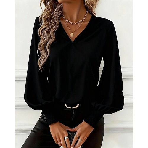 Per donna Blusa Tinta unica Casual Manica Lunga Scollo a V Top Regolari Nero Bianco Rosa Blu Primavera Autunno
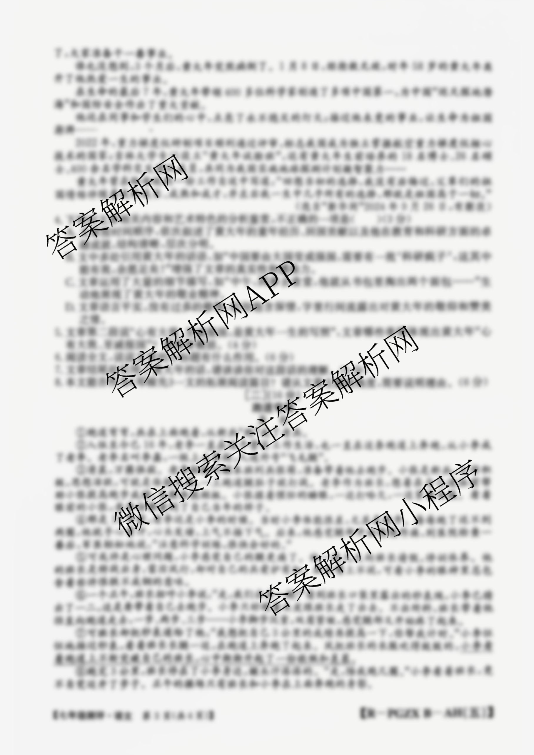- 2024-2025安徽省[七年级]测评[PGZXB-AH(五)]语文(R)试题
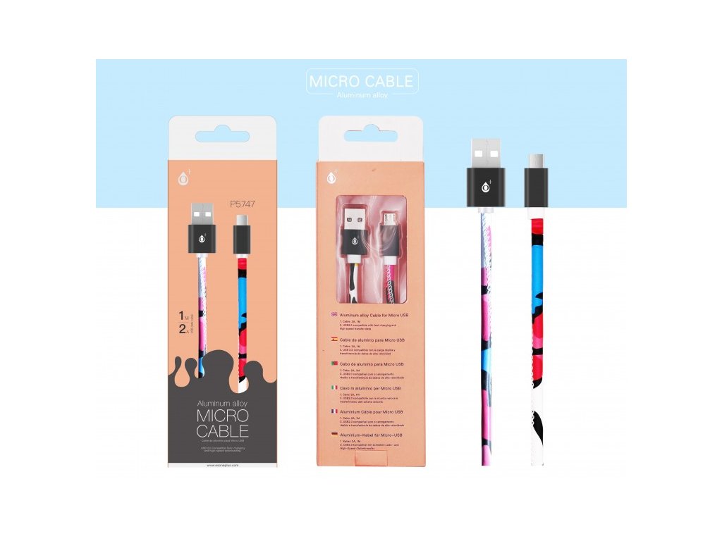 Datový kabel PLUS P5747 Micro USB ,2A, 1M, vzor růžový
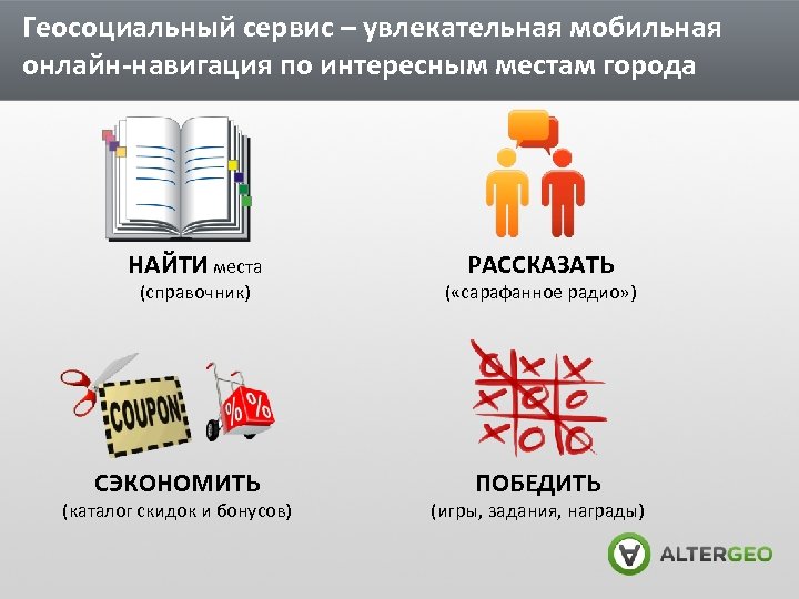 Геосоциальный сервис – увлекательная мобильная онлайн-навигация по интересным местам города НАЙТИ места (справочник) СЭКОНОМИТЬ (каталог скидок и бонусов) РАССКАЗАТЬ ( «сарафанное радио» ) ПОБЕДИТЬ (игры, задания, награды)
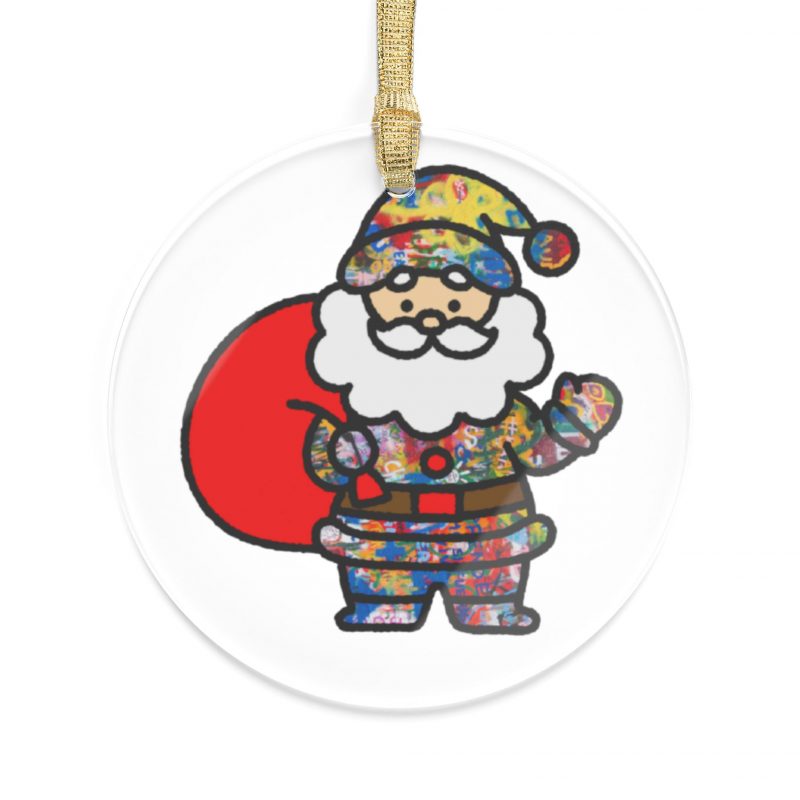 This graffiti art Santa Claus acrylic Christmas tree ornament will add a fun and colorful touch to your holiday decor. This is an Uncivilized exclusive design, making it a unique and fun new holiday tradition! Made of 100% acrylic with vibrant colors and a glossy finish, this ornament includes a gold ribbon for hanging. Perfect for those who love unique and eye-catching Christmas decorations.
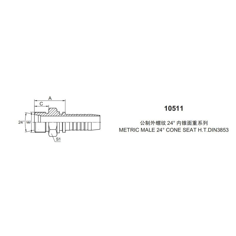 扣壓式接頭 10511 公制外螺紋 內錐面重系列
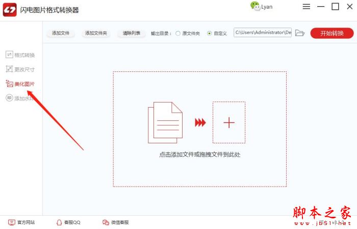 第一步、首先,打开闪电图片格式转换器,在左侧功能选项区选择“美化图片”。
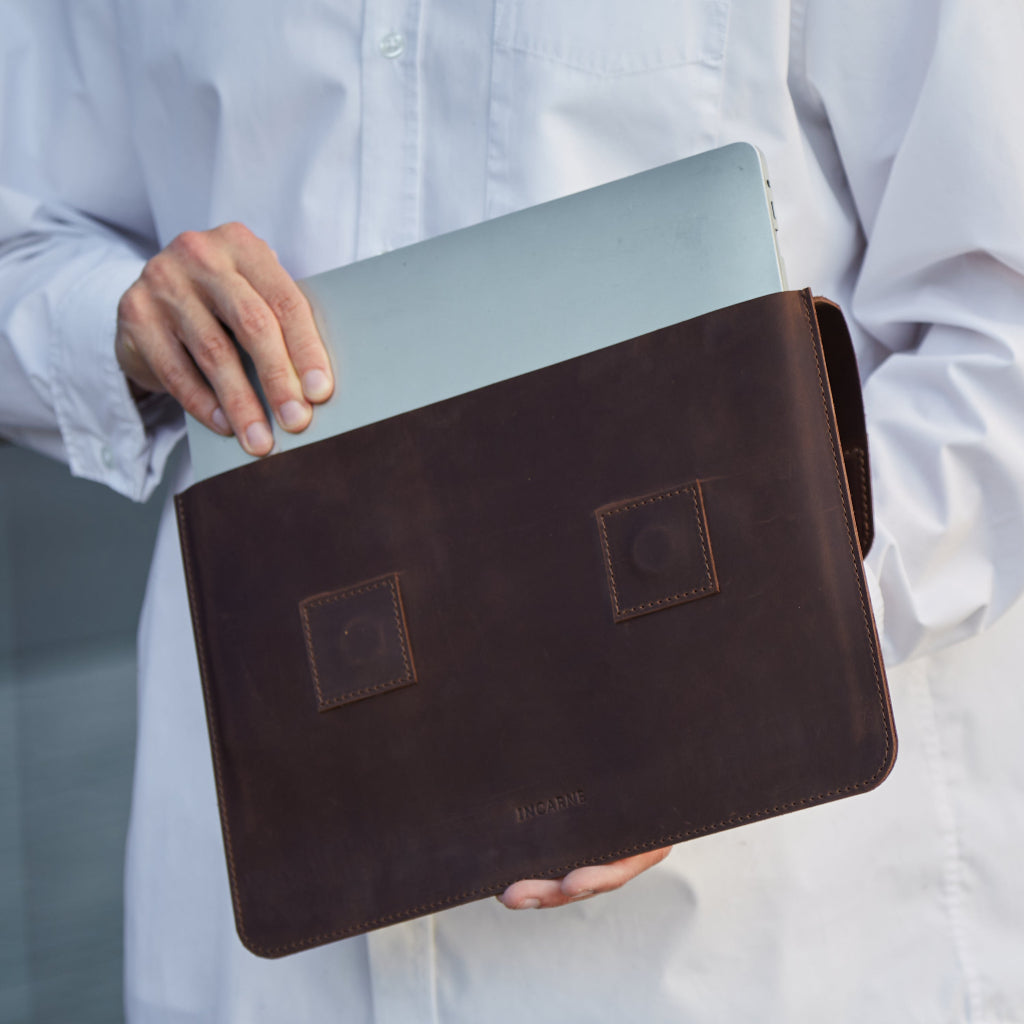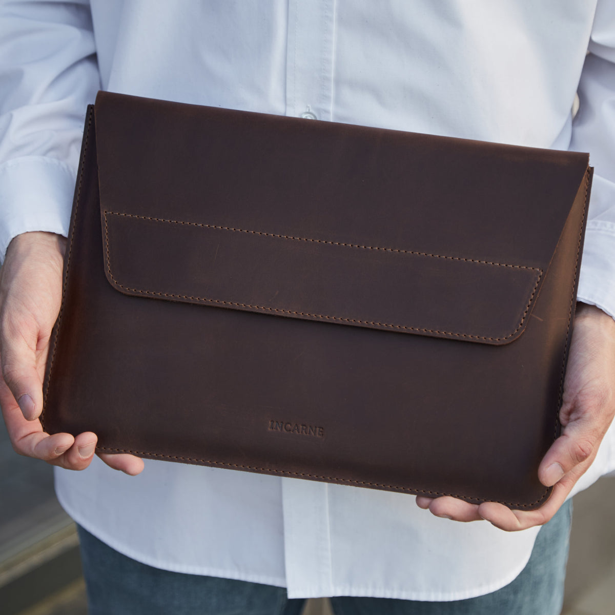 The Line laptop sleeve by INCARNE™ is crafted from premium vintage leather in an elegant brown tone. Smooth lines create a minimalist design free of excess detail, while the magnetic flap adds both character and convenience.
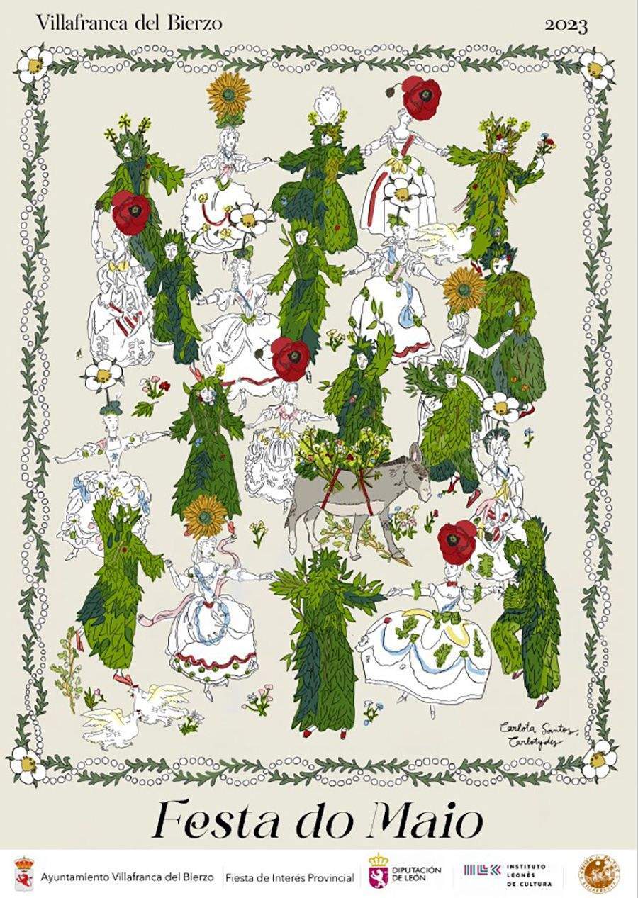 La Festa do ‘Maio’ cumple con la tradición ancestral que marca el ‘florecer’ de las cosechas y despertar del campo como referencia para El Bierzo y en esta edición la ilustradora con raíces de la Villa del Burbia, Carlota Santos, ha sido la encargada de diseñar el cartel.
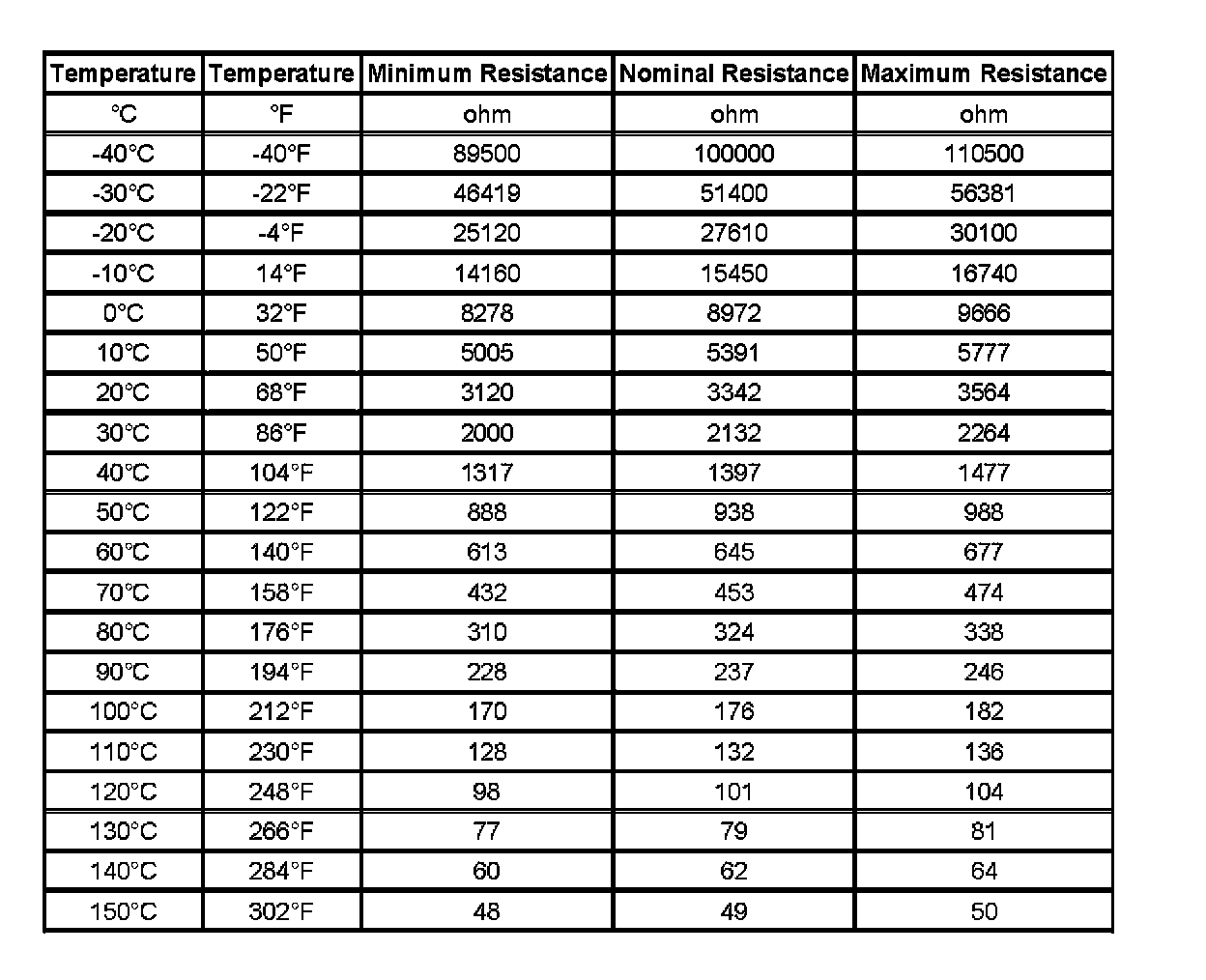 Transmission Fluid Temperature Sensor Specifications
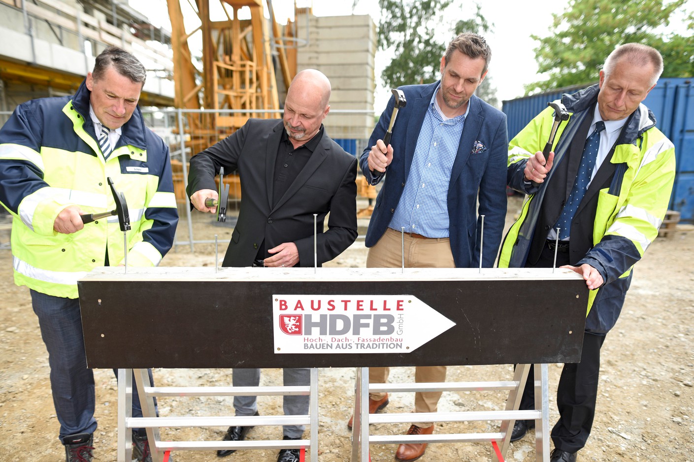 Fotos: © Rostock Port / : Legende Titelbild (v.l.n.r.): Jens A. Scharner, ROSTOCK PORT-Geschäftsführer, Dr. Chris von Wrycz Rekowski, erster Stellvertreter der Oberbürgermeisterin, Markus Kutz, projektleitender Architekt von den Buttler Architekten und Dr. Gernot Tesch, ROSTOCK PORT-Geschäftsführer, hämmern die Zimmermannsnägel in den Richtbock
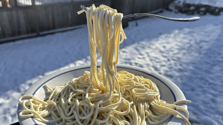 „Evident că a trebuit să fac experimentul cu pastele”, a scris McDermed într-o postare pe platforma X, alături de imagini care o arată ținând în aer o furculiță cu paste complet înghețate.
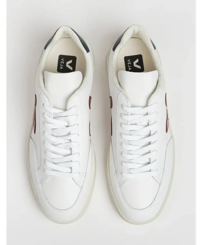 Поднимите свой стиль на новый уровень с этими белыми низкими кроссовками Veja 'V-12' для мужчин. Изготовленные из кожи, они имеют контрастную темно-синюю заднюю часть с белым логотипом, красный логотип V цвета марсала сбоку, резиновую подошву, шнуровку с хлопковыми шнурками и круглый носок. Верх и стельки выполнены из кожи, а логотип V, стелька, подошва, подкладка и шнурки изготовлены из смесового материала для прочности и стиля.
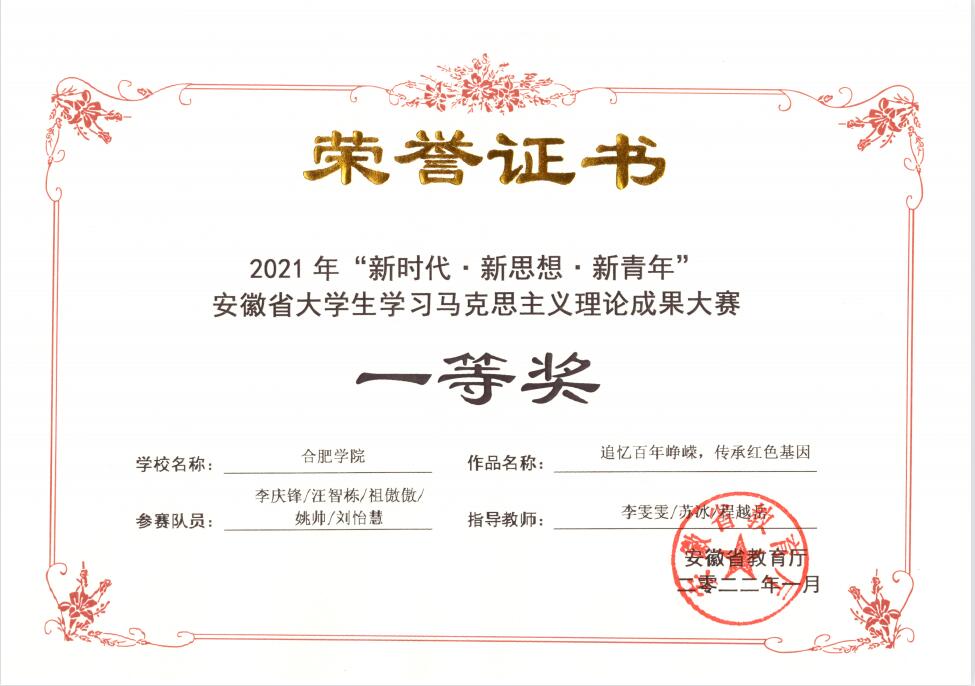 2021合肥学院-李庆锋、汪智栋、祖傲傲、姚帅、刘怡慧-微创作《追忆百年峥嵘,传承红色基因》省级一等奖
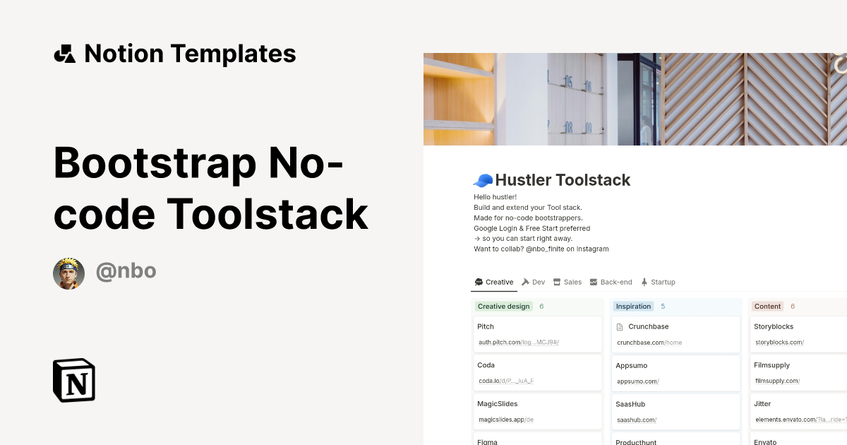 Bootstrap No code Toolstack Template Notion Marketplace
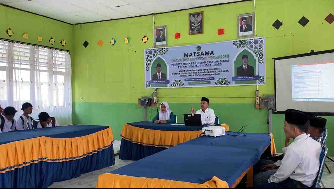 Dalam kesempatan ini kepala madrasah memperkenalkan segala sesuatu yang berkaitan dengan lingkungan madrasah mulai dari sejarah, visi-misi, program unggulan, proses pembelajaran, kurikulum dan pengenalan pendidik dan tenaga kependidikan MAN 3 Batang Hari beserta tugas dan fungsinya.
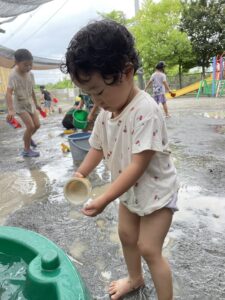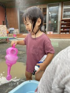 ジョウロで水を汲んで遊んだり、
————
The line containing "paste complet înghețate." marks the end: copy exactly every line from the start of the records up to and including it, leaving out the pictures.

## Output
 Per donna Blusa Tinta unica Casual Manica Lunga Scollo a V Top Regolari Nero Bianco Rosa Blu Primavera Autunno
- 2024-2025安徽省[七年级]测评[PGZXB-AH(五)]语文(R)试题
 Datový kabel PLUS P5747 Micro USB ,2A, 1M, vzor růžový
 Геосоциальный сервис – увлекательная мобильная онлайн-навигация по интересным местам города НАЙТИ места (справочник) СЭКОНОМИТЬ (каталог скидок и бонусов) РАССКАЗАТЬ ( «сарафанное радио» ) ПОБЕДИТЬ (игры, задания, награды)
 This graffiti art Santa Claus acrylic Christmas tree ornament will add a fun and colorful touch to your holiday decor. This is an Uncivilized exclusive design, making it a unique and fun new holiday tradition! Made of 100% acrylic with vibrant colors and a glossy finish, this ornament includes a gold ribbon for hanging. Perfect for those who love unique and eye-catching Christmas decorations.
 扣壓式接頭 10511 公制外螺紋 內錐面重系列
 第一步、首先,打开闪电图片格式转换器,在左侧功能选项区选择“美化图片”。
 The Line laptop sleeve by INCARNE™ is crafted from premium vintage leather in an elegant brown tone. Smooth lines create a minimalist design free of excess detail, while the magnetic flap adds both character and convenience.
 La Festa do ‘Maio’ cumple con la tradición ancestral que marca el ‘florecer’ de las cosechas y despertar del campo como referencia para El Bierzo y en esta edición la ilustradora con raíces de la Villa del Burbia, Carlota Santos, ha sido la encargada de diseñar el cartel.
 Transmission Fluid Temperature Sensor Specifications
 Fotos: © Rostock Port / : Legende Titelbild (v.l.n.r.): Jens A. Scharner, ROSTOCK PORT-Geschäftsführer, Dr. Chris von Wrycz Rekowski, erster Stellvertreter der Oberbürgermeisterin, Markus Kutz, projektleitender Architekt von den Buttler Architekten und Dr. Gernot Tesch, ROSTOCK PORT-Geschäftsführer, hämmern die Zimmermannsnägel in den Richtbock
 „Evident că a trebuit să fac experimentul cu pastele”, a scris McDermed într-o postare pe platforma X, alături de imagini care o arată ținând în aer o furculiță cu paste complet înghețate.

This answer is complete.